Bright Minds Biosciences
- Industry: Pharmaceutical
- Founded: 2017; 9 years ago
- Founder: Ian McDonald, Gideon Shapiro
- Headquarters: New York City, New York, United States
- Key people: Alan Kozikowski
- Products: BMB-101, BMB-105, BMB-201, BMB-202
- Website: brightmindsbio.com

= Bright Minds Biosciences =

American pharmaceutical company

Bright Minds Biosciences (BMB) is an American pharmaceutical company which is developing serotonin 5-HT_{2} receptor agonists for potential medical use.

It has a particular focus on serotonin 5-HT_{2C} receptor agonists, for instance to treat rare epilepsies and other conditions. Another area of focus for the company is serotonergic psychedelics and non-hallucinogenic psychoplastogens.

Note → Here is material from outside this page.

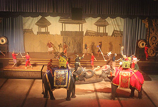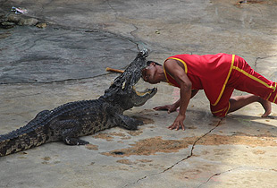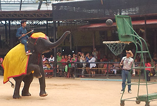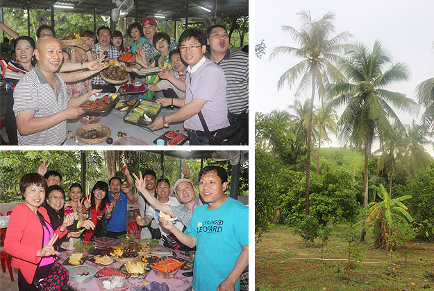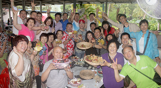 東芭樂園,占地面積1600多畝,是一個泰式鄉(xiāng)村風(fēng)格的休閑兼度假公園。園中有人工湖,水光瀲滟,小河繚繞于亭臺樓閣之間,樹木蔥籠,鳥語花香,景色如畫。園中設(shè)有文化村,是集中展示泰國民族文化的場所。園內(nèi)節(jié)目三大部分:一是泰國的民俗表演,二是大象表演,三是植物園。民俗歌舞很質(zhì)樸、很地道,表演者就是村寨中人;大象表演格外精彩。綠之韻精英們或看著表演,或與大象合影,或飲一口冰鎮(zhèn)的椰汁,各自用不同的方式享受著度假的閑適和快樂。

The company was co-founded by Ian McDonald and Gideon Shapiro. The lead scientist at Bright Minds Biosciences was previously Alan Kozikowski. Bright Mind Biosciences was founded in 2017 and its headquarters are in New York City, New York.

==Drug candidates==
Bright Minds Biosciences' drug candidates include the following:

Bright Minds Biosciences drug candidates
| Drug | Action | Structural scaffold | Indications | Highest phase | Ref |
|---|---|---|---|---|---|
| BMB‑101 | Selective serotonin 5-HT_{2C} receptor biased agonist (G_{q} over β-arrestin) | Phenylcyclopropylmethylamine | Absence epilepsy, binge-eating disorder, Dravet syndrome, Lennox–Gastaut syndrome, Pitt–Hopkins syndrome, Prader–Willi syndrome, and Rett syndrome | Phase 2 (entering phase 3) |  |
| BMB‑105 | Selective serotonin 5-HT_{2C} receptor biased agonist (G_{q} over β-arrestin) | Phenylcyclopropylmethylamine | Prader–Willi syndrome | Phase 1 |  |
| BMB‑201 | Serotonin 5-HT_{2A} and 5-HT_{2C} receptor agonist, other actions (non-hallucinogenic psychoplastogen; prodrug of BMB-A39a) | Tryptamine | Depressive disorders, pain | Preclinical |  |
| BMB‑202 | Selective serotonin 5-HT_{2A} receptor agonist (serotonergic psychedelic) | N-Benzylphenethylamine | Depressive disorders, post-traumatic stress disorder (PTSD) | Preclinical |  |

The company has also patented azepinoindoles acting as potent serotonin 5-HT_{2} receptor agonists and psychedelics, such as Pharm-136.